FWIW, I’m not -0, just think that long after the freeze date a change like this 
needs a strong mandate from the community.  I think the change is a good one.





> On 17 Oct 2018, at 22:09, Ariel Weisberg <ar...@weisberg.ws> wrote:
> 
> Hi,
> 
> It's really not appreciably slower compared to the decompression we are going 
> to do which is going to take several microseconds. Decompression is also 
> going to be faster because we are going to do less unnecessary decompression 
> and the decompression itself may be faster since it may fit in a higher level 
> cache better. I ran a microbenchmark comparing them.
> 
> https://issues.apache.org/jira/browse/CASSANDRA-13241?focusedCommentId=16653988&page=com.atlassian.jira.plugin.system.issuetabpanels:comment-tabpanel#comment-16653988
> 
> Fetching a long from memory:       56 nanoseconds
> Compact integer sequence   :       80 nanoseconds
> Summing integer sequence   :      165 nanoseconds
> 
> Currently we have one +1 from Kurt to change the representation and possibly 
> a -0 from Benedict. That's not really enough to make an exception to the code 
> freeze. If you want it to happen (or not) you need to speak up otherwise only 
> the default will change.
> 
> Regards,
> Ariel
> 
> On Wed, Oct 17, 2018, at 6:40 AM, kurt greaves wrote:
>> I think if we're going to drop it to 16k, we should invest in the compact
>> sequencing as well. Just lowering it to 16k will have potentially a painful
>> impact on anyone running low memory nodes, but if we can do it without the
>> memory impact I don't think there's any reason to wait another major
>> version to implement it.
>> 
>> Having said that, we should probably benchmark the two representations
>> Ariel has come up with.
>> 
>> On Wed, 17 Oct 2018 at 20:17, Alain RODRIGUEZ <arodr...@gmail.com> wrote:
>> 
>>> +1
>>> 
>>> I would guess a lot of C* clusters/tables have this option set to the
>>> default value, and not many of them are having the need for reading so big
>>> chunks of data.
>>> I believe this will greatly limit disk overreads for a fair amount (a big
>>> majority?) of new users. It seems fair enough to change this default value,
>>> I also think 4.0 is a nice place to do this.
>>> 
>>> Thanks for taking care of this Ariel and for making sure there is a
>>> consensus here as well,
>>> 
>>> C*heers,
>>> -----------------------
>>> Alain Rodriguez - al...@thelastpickle.com
>>> France / Spain
>>> 
>>> The Last Pickle - Apache Cassandra Consulting
>>> http://www.thelastpickle.com
>>> 
>>> Le sam. 13 oct. 2018 à 08:52, Ariel Weisberg <ar...@weisberg.ws> a écrit :
>>> 
>>>> Hi,
>>>> 
>>>> This would only impact new tables, existing tables would get their
>>>> chunk_length_in_kb from the existing schema. It's something we record in
>>> a
>>>> system table.
>>>> 
>>>> I have an implementation of a compact integer sequence that only requires
>>>> 37% of the memory required today. So we could do this with only slightly
>>>> more than doubling the memory used. I'll post that to the JIRA soon.
>>>> 
>>>> Ariel
>>>> 
>>>> On Fri, Oct 12, 2018, at 1:56 AM, Jeff Jirsa wrote:
>>>>> 
>>>>> 
>>>>> I think 16k is a better default, but it should only affect new tables.
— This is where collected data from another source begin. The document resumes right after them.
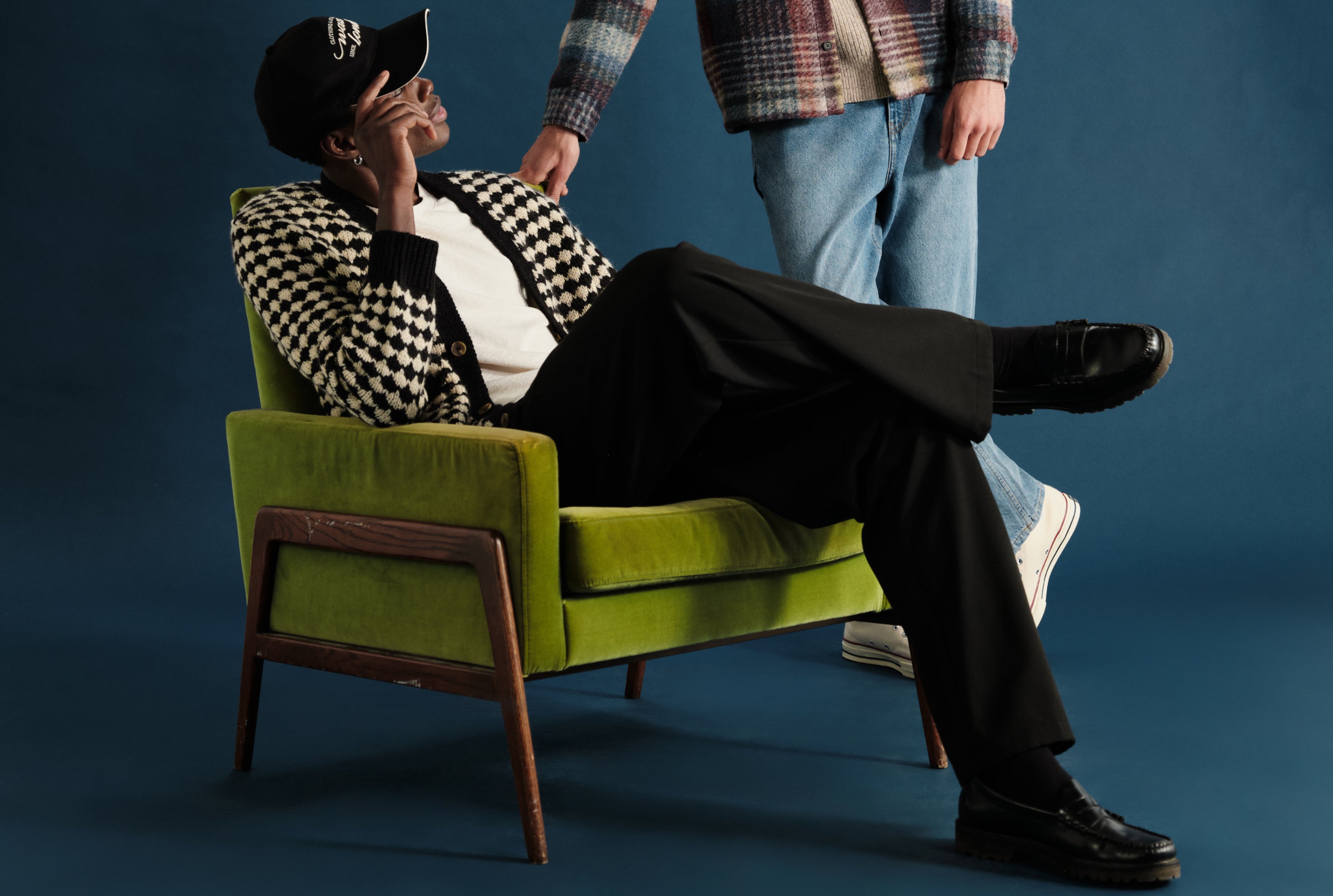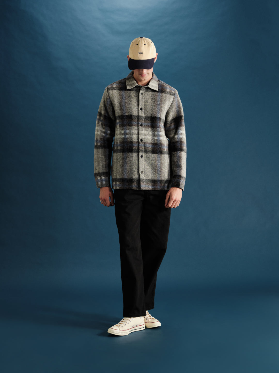[Right] Nolan - Grey And Blue Check Italian Wool Overshirt, Felix - Black Loose Fit Denim Jeans
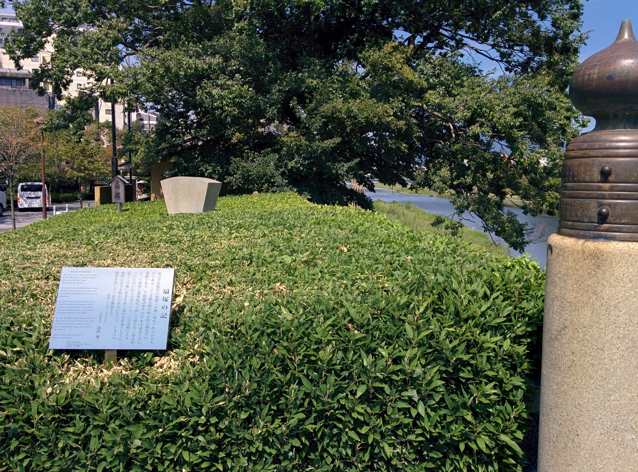 この「扇塚」には、「扇塚の記」があり、内容を確認すると、この「扇塚」は、「五条大橋の畔には時宗御影堂があり、一ノ谷の合戦で平敦盛が亡くなると、その妻は蓮華院尼と名乗り、寺僧とともにこの地で扇をつくった。」そうです。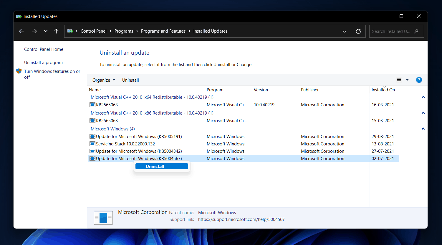 - Löydä äskettäinen päivitys, joka aiheutti ongelman ja napsauta asennuksen.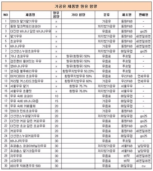 우유가 전혀 들어가지 않은 제품은 총 15개다. 매일유업에서 제조한 GS25 PB제품 '신선한 스누피 초코우유'와 동원F&B '더 진한 바나나 담은 바나나우유'·세븐일레븐 PB제품 '딸기우유'·'초코우유'·'바나나우유' 등이다. 전량 환원유로 제조됐다.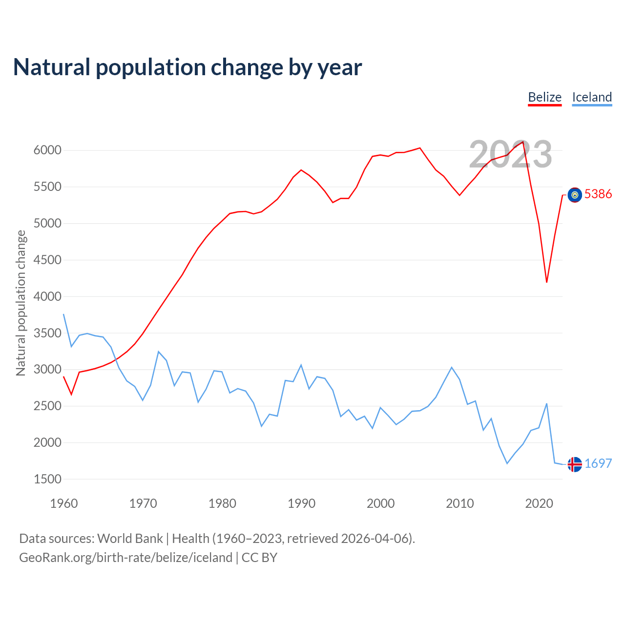 Belize has an annual birth rate of 18 births per 1,000 people, compared to 11 for Iceland. The average number of children a woman is expected to have during her lifetime — the fertility rate, is 2.01 in Belize and 1.59 in Iceland — 20.8% difference.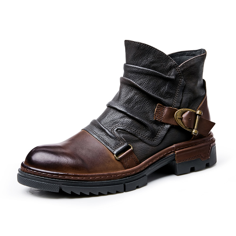 机车靴子男真皮靴英伦复古一脚蹬马丁靴男款加绒牛皮切尔西靴短靴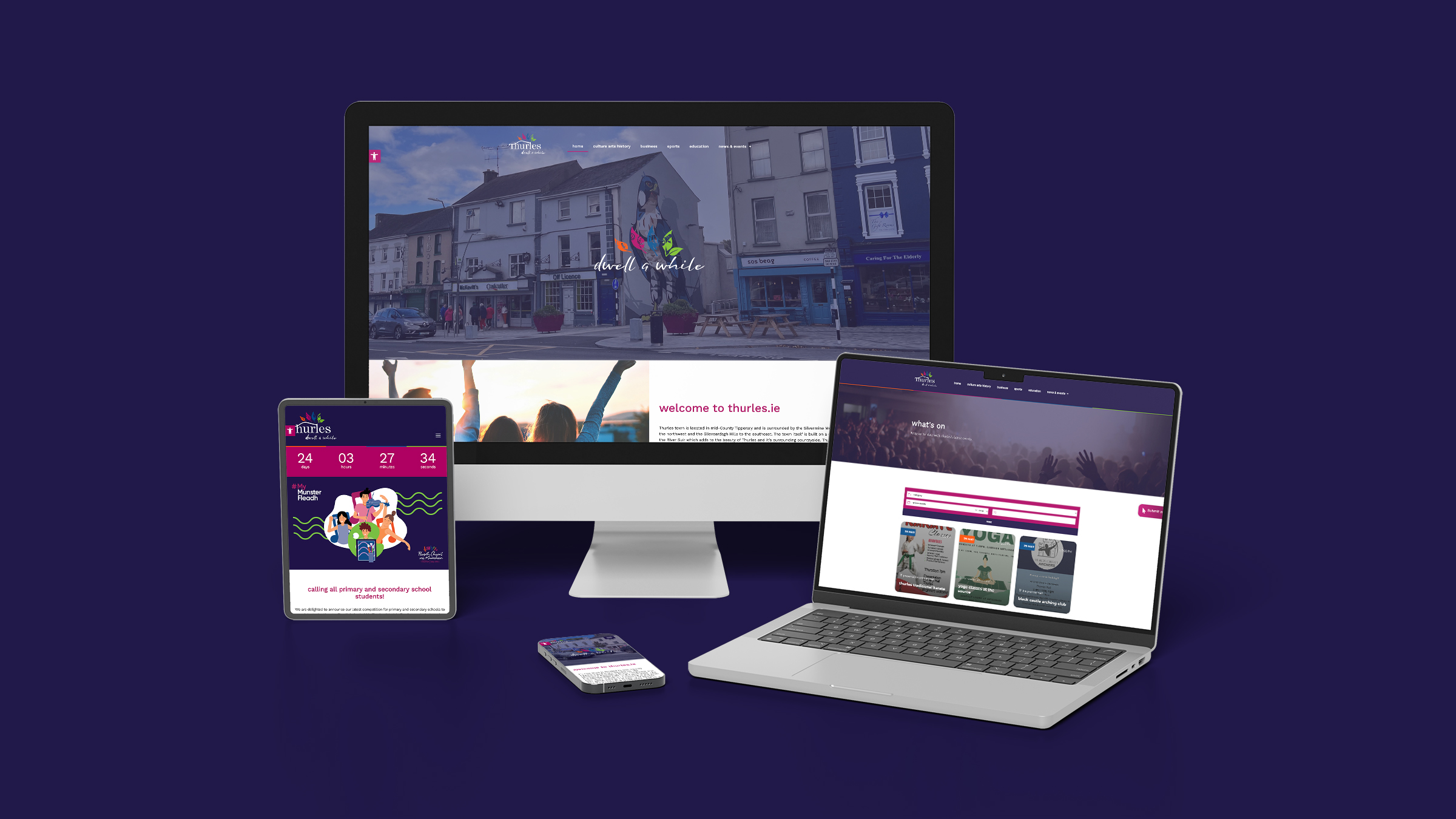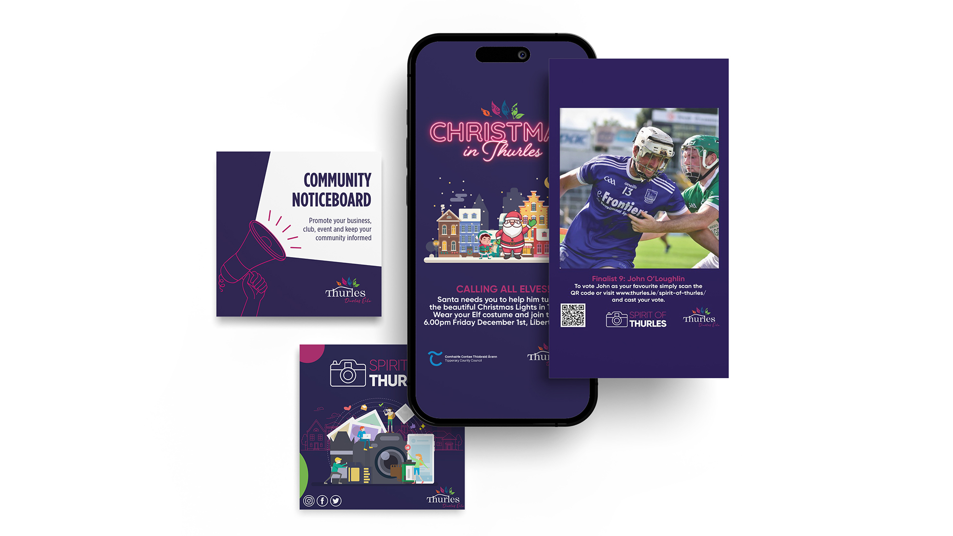 Designedly has partnered with the Thurles Templemore Municipal District for many years, designing Town brands, literature, digital presence, and ongoing management of their social media channels, including creation of tailored content campaigns that highlight local culture, businesses, and community events while building sustained engagement and civic pride. Over time, this relationship expanded into deeper brand development, shaping a modern visual identity and messaging system that captures the town’s heritage, personality, and future ambitions. We are hugely proud to have developed the Thurles.ie website, creating a central digital hub that informs residents, welcomes visitors, and supports wider community initiatives with clarity, accessibility, and a cohesive brand experience.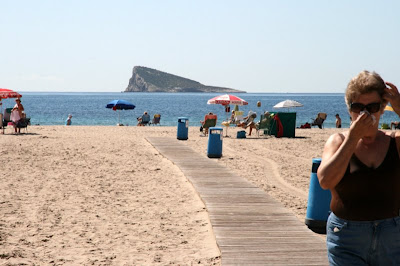 Har nu snabbt kollat in pensionärs- och partypatadiset Benidorm, några mil norr om Alicante. Chansen är god att jag aldrig kommer dit igen, det lockar inte direkt. Beachen är fin men stället är helt sönderbyggt av höga betonghus och kringgärdat av motorväg. Klientelet som jag såg består till stor del av lätt överviktiga nordeuropéer i bar överkropp som vaggar omkring mellan paella-ställena nere vid strandvägen.
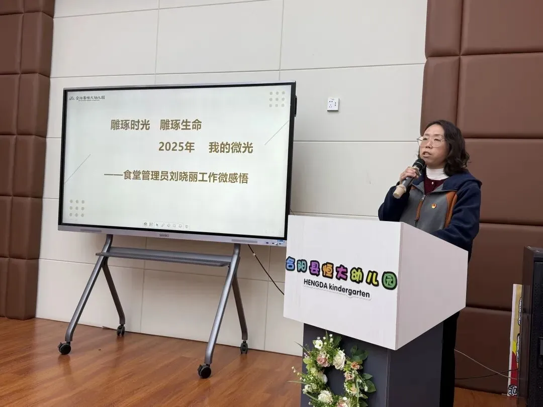 后勤团队的分享质朴而令人动容,她们以笔尖记录园所活动、用镜头捕捉成长瞬间,在文档的字里行间梳理着时光的轨迹;她细述晨检的专注、健康档案的完善,话语间满是对儿童的呵护;她细研食谱里的营养学问,让炊烟升起关怀的温度,在平淡中见真心;他走向人群之中,用亲切的话语讲述财务工作的重量与心得。正是这些默默无闻的守护,织就了园所最温暖的底色,让教育的美好落地生根。

>>>>> Whoever changes it, please make sure you think about the upgrade path.
>>>>> 
>>>>> 
>>>>>> On Oct 12, 2018, at 2:31 AM, Ben Bromhead <b...@instaclustr.com>
>>> wrote:
>>>>>> 
>>>>>> This is something that's bugged me for ages, tbh the performance gain
>>>> for
>>>>>> most use cases far outweighs the increase in memory usage and I would
>>>> even
>>>>>> be in favor of changing the default now, optimizing the storage cost
>>>> later
>>>>>> (if it's found to be worth it).
>>>>>> 
>>>>>> For some anecdotal evidence:
>>>>>> 4kb is usually what we end setting it to, 16kb feels more reasonable
>>>> given
>>>>>> the memory impact, but what would be the point if practically, most
>>>> folks
>>>>>> set it to 4kb anyway?
>>>>>> 
>>>>>> Note that chunk_length will largely be dependent on your read sizes,
>>>> but 4k
>>>>>> is the floor for most physical devices in terms of ones block size.
>>>>>> 
>>>>>> +1 for making this change in 4.0 given the small size and the large
>>>>>> improvement to new users experience (as long as we are explicit in
>>> the
>>>>>> documentation about memory consumption).
>>>>>> 
>>>>>> 
>>>>>>> On Thu, Oct 11, 2018 at 7:11 PM Ariel Weisberg <ar...@weisberg.ws>
>>>> wrote:
>>>>>>> 
>>>>>>> Hi,
>>>>>>> 
>>>>>>> This is regarding
>>>> https://issues.apache.org/jira/browse/CASSANDRA-13241
>>>>>>> 
>>>>>>> This ticket has languished for a while. IMO it's too late in 4.0 to
>>>>>>> implement a more memory efficient representation for compressed
>>> chunk
>>>>>>> offsets. However I don't think we should put out another release
>>> with
>>>> the
>>>>>>> current 64k default as it's pretty unreasonable.
>>>>>>> 
>>>>>>> I propose that we lower the value to 16kb. 4k might never be the
>>>> correct
>>>>>>> default anyways as there is a cost to compression and 16k will still
>>>> be a
>>>>>>> large improvement.
>>>>>>> 
>>>>>>> Benedict and Jon Haddad are both +1 on making this change for 4.0.
>>> In
>>>> the
>>>>>>> past there has been some consensus about reducing this value
>>> although
>>>> maybe
>>>>>>> with more memory efficiency.
>>>>>>> 
>>>>>>> The napkin math for what this costs is:
>>>>>>> "If you have 1TB of uncompressed data, with 64k chunks that's 16M
>>>> chunks
>>>>>>> at 8 bytes each (128MB).
>>>>>>> With 16k chunks, that's 512MB.
>>>>>>> With 4k chunks, it's 2G.
>>>>>>> Per terabyte of data (pre-compression)."
>>>>>>> 
>>>>>>> 
>>>> 
>>> https://issues.apache.org/jira/browse/CASSANDRA-13241?focusedCommentId=15886621&page=com.atlassian.jira.plugin.system.issuetabpanels:comment-tabpanel#comment-15886621
>>>>>>> 
>>>>>>> By way of comparison memory mapping the files has a similar cost per
>>>> 4k
>>>>>>> page of 8 bytes. Multiple mappings makes this more expensive. With a
>>>>>>> default of 16kb this would be 4x less expensive than memory mapping
>>> a
>>>> file.
>>>>>>> I only mention this to give a sense of the costs we are already
>>>> paying. I
>>>>>>> am not saying they are directly related.
>>>>>>> 
>>>>>>> I'll wait a week for discussion and if there is consensus make the
>>>> change.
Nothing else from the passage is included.